- _Data shown_:
-=-=-=-=-

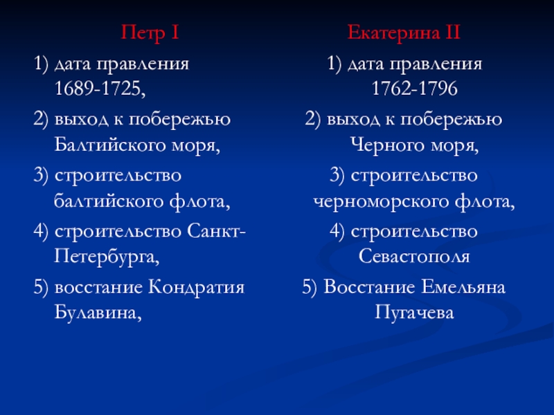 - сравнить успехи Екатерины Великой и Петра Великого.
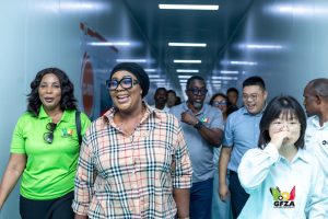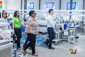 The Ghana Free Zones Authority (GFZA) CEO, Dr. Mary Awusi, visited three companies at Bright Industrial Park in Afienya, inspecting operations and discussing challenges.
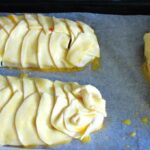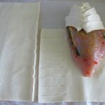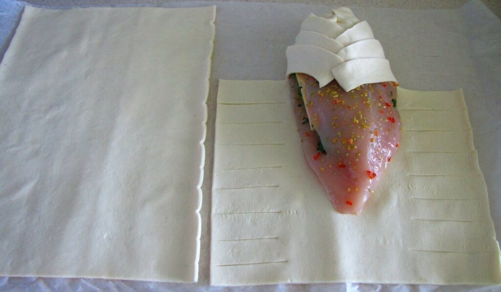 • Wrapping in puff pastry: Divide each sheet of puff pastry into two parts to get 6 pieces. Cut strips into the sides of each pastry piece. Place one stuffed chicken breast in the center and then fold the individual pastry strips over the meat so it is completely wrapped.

-=-=-=-=-

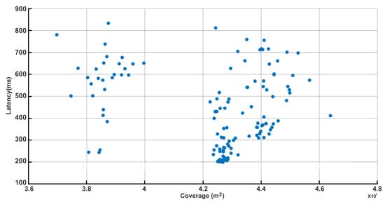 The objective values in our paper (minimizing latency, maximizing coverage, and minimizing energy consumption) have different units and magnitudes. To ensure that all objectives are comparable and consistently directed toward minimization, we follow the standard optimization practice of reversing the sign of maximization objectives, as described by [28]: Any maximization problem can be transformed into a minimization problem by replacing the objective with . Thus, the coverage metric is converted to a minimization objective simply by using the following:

-=-=-=-=-

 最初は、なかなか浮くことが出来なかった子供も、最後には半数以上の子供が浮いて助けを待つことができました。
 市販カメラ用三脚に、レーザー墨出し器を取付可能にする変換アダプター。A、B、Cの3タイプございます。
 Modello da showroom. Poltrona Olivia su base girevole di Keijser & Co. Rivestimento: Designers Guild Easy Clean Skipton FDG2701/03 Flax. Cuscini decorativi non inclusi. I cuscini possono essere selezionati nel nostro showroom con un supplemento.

-=-=-=-=-

- _Exercise_:
Line for line, output the entries above from the line with "- сравнить успехи" to the line with "is completely wrapped.", both included, and nothing more. Skip pictures.

- _Written answer_:
 - сравнить успехи Екатерины Великой и Петра Великого.
 The Ghana Free Zones Authority (GFZA) CEO, Dr. Mary Awusi, visited three companies at Bright Industrial Park in Afienya, inspecting operations and discussing challenges.
 • Wrapping in puff pastry: Divide each sheet of puff pastry into two parts to get 6 pieces. Cut strips into the sides of each pastry piece. Place one stuffed chicken breast in the center and then fold the individual pastry strips over the meat so it is completely wrapped.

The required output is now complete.